2013 Women's International Super Series Hockey 9's

Tournament details
- Host country: Australia
- City: Perth
- Dates: 17–20 October 2013
- Teams: 4
- Venue: Perth Hockey Stadium

Final positions
- Champions: Australia (3rd title)
- Runner-up: Argentina
- Third place: Canada

Tournament statistics
- Matches played: 8
- Goals scored: 49 (6.13 per match)
- Top scorer: Madonna Blyth (5 goals)
- Best player: Madonna Blyth

= 2013 Women's International Super Series Hockey 9's =

The 2013 Women's International Super Series Hockey 9's was the third and final edition of the women's field hockey tournament.
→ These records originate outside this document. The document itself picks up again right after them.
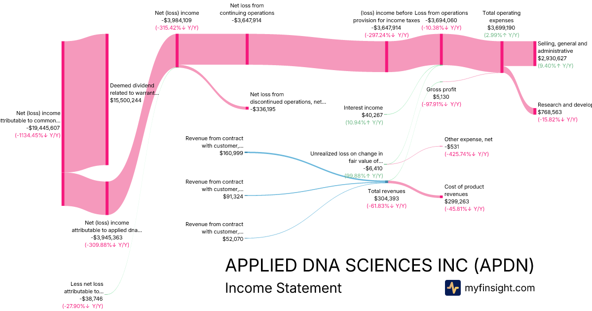 For the quarter ending 2025-06-30, APDN made $304,393 in revenue. -$19,445,607 in net income. Net profit margin of -6388.32%.
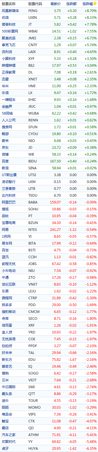 中概股周一涨跌不一,其中5支股票涨幅超过5%,凤凰新媒体涨8.70%报3.75美元,优信涨8.33%报3.71美元,简普科技涨7.78%报5.82美元,500彩票网涨7.55%报14.51美元,哔哩哔哩涨3.04%报17.97美元。
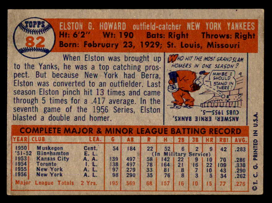 1957 Topps Baseball #082 Elston Howard Yankees EX+/EX-MT 540079
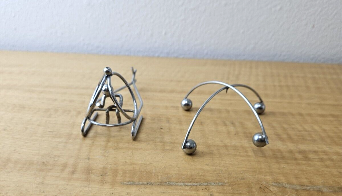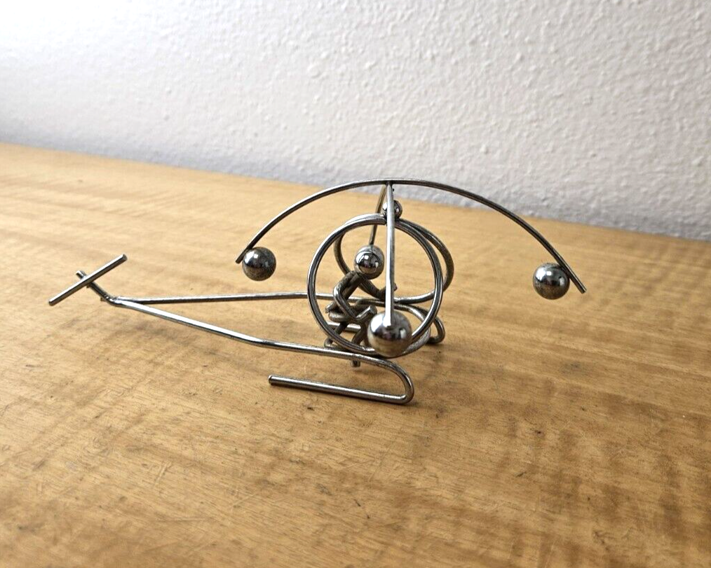 Vintage Chrome Kinetic Helicopter Balancing Sculpture 2 Pieces
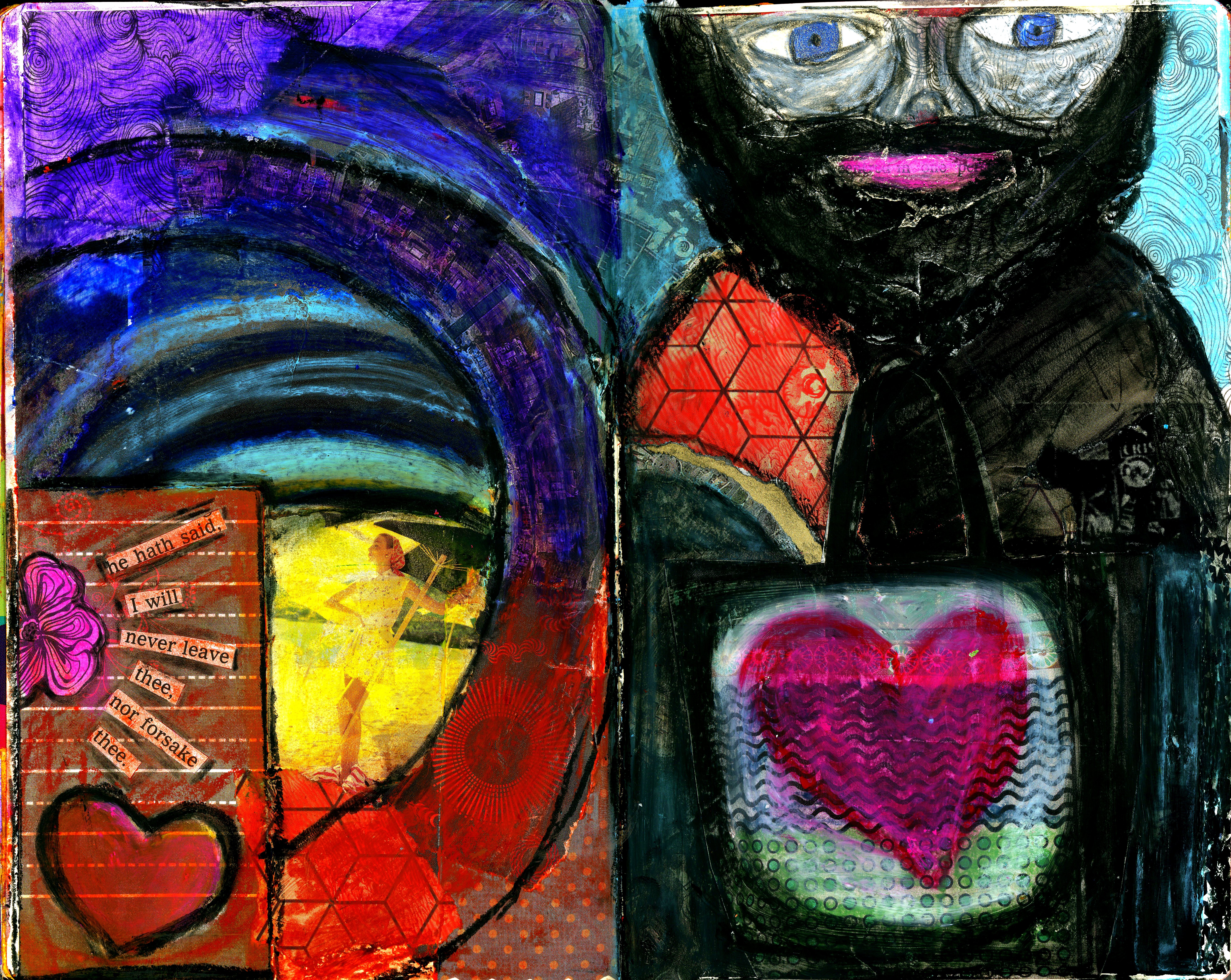 As I glued scraps of paper down to cover some text, a shadow of a face emerged. That the face had a beard and mustache moved me towards sketching the face of Jesus, as it is often pictured in children’s books. I used the other images to create His tunic. On the opposite page, I surrounded the girl with blue toned rings. Then I added the Scripture from Hebrews 13:5.
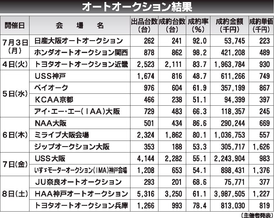 〈オートオークション結果〉近畿地区 2023/7/3~8
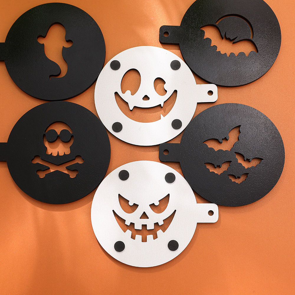 新型木製ハロウィーン透かし彫りコースター6点セット両面印刷白黒ハロウィーン頭蓋鬼顔装飾マット
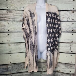 Women’s Vanity open front cardigan with distressed American flag stars and stripes print. Lightweight, draped design with an asymmetrical hemline. Made of 95% polyester / 5% spandex for comfort and stretch. Perfect for layering and patriotic holidays.
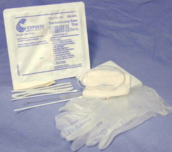 - 3-Compartment tracheostomy tray. Packaged 20/cs. Tray includes: Tracheostomy Dressing, Waterproof Drape, (1 pair) powdered and cuffed Vinyl Gloves, (4) 4 in. x 4 in. gauze sponges, Twill Tape, (4) Pipe Cleaners, (2) Cotton-Tip Applicators, 14 mm Cleaning Brush.
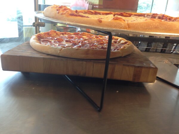 Purchased these pizza stands for my restaurant. It looks bigger then what I was expecting. Made well, heavy duty ones. However be careful cause 14" pizza pan would slide through easily
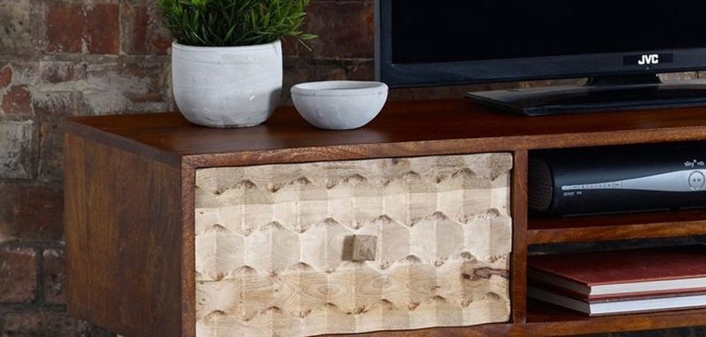 Item Code: CN04 This beautiful, unique range complemented with Scandinavian inspired legs is the perfect choice for a modern retro interior, in combination with other items in the same collection. It will add warmth to your home with its two-tone colour and metal gold legs.Large Plasma TV Stand with 2 Shelves in the centre and 2 Drawers on the sides, featuring CNC cuts on the front of each drawer, matching wooden handles and angled metal legs. The unit will come fully assembled, only the legs must be attached.
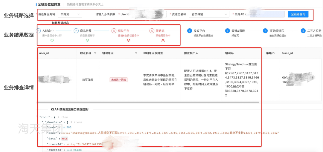 ,用户可自由选择业务链路,进行链路节点可视化串联,支持按域快速排查与定位问题,针对异常节点明确标识 ,同时有可读性强的异常错误原因&解决方案,也能看到接口数据透传详情,让不熟悉上下游链路的运营&PD&产技同学也可无门槛进行自查,策略无法透出原因一查便知,排查时间可降低95%。
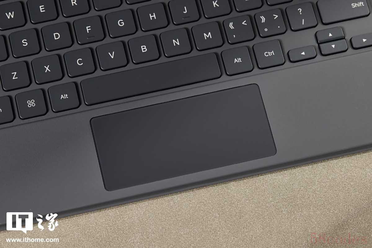 键盘布局照旧,触控板区域做了加长设计,磁吸键盘保护壳的重量接近 600g,搭配手写笔和平板全套重量约 1.1kg。
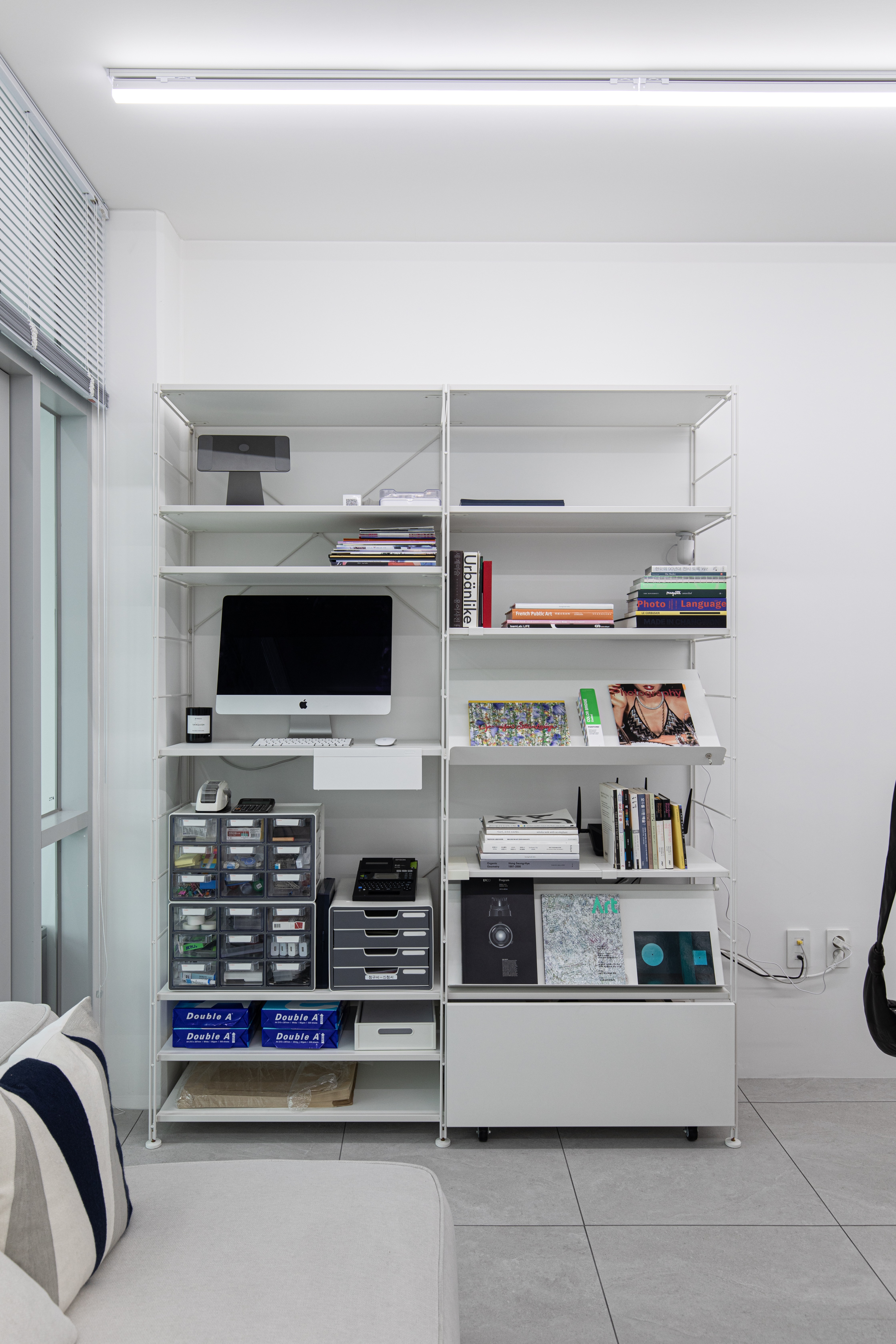 인체공학적 책상과 의자를 배치해 편안한 착석감을 제공하고 금속 소재 선반으로 자료와 소품을 깔끔하게 정리할 수 있도록 계획했답니다.
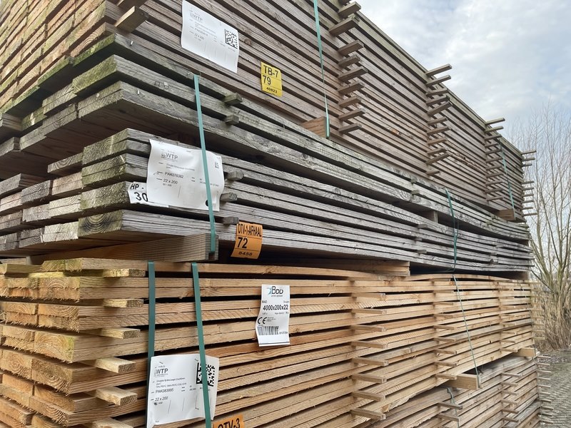 Ca. 38x douglas planken fijnbezaagd, 22x200mm, lengte 400cm
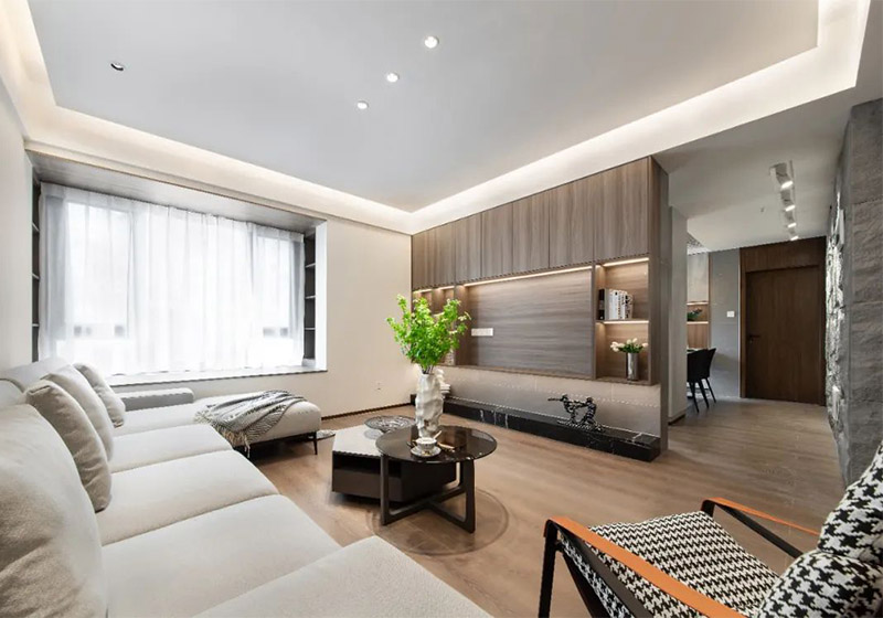 • 145㎡簡約風(fēng)三人居 無主燈設(shè)計+仿石材真get
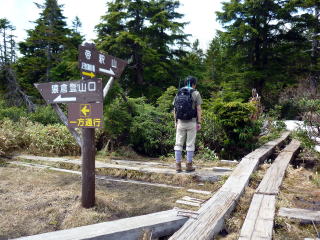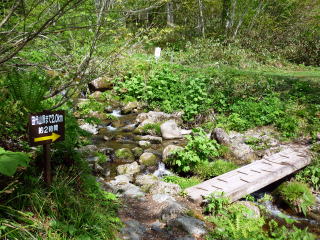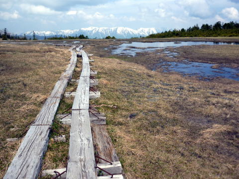 水場を過ぎて間もなく、熊避けのための大きな鐘が設置されていた。 人里離れた山奥の登山口のため、大きめの鈴を携行していったが、注意書き通りに鐘を 鳴らし進む。この先もう一箇所、同じ鐘が設置されていた。 ![]() 9:35 小田代通過。 ![]() 木道が終わり、樹林帯の急登を経て再び木道が現れると、田代山の湿原の一角、弘法沼 越しに、絵になる光景が広がる\(^o^)/ ![]() 湿原の木道は一方通行で、山頂を経てぐるりと一周できるようになっている。 今年は雪融けが遅かったためか、湿原内では、お花は数輪しか見られず残念。

The tournament was held at the Perth Hockey Stadium between 17–20 October 2013 in Perth, Australia. A total of four teams competed for the title.

The tournament was held alongside the men's competition.

Australia won the tournament by defeating Argentina 3–0 in the final. Canada won the bronze medal by defeating Malaysia 3–1 in the third and fourth playoff.

==Participating nations==
A total of four teams competed for the title:

==Competition rules==
The International Super Series Hockey 9's has a unique set of rules varying from standard FIH regulations.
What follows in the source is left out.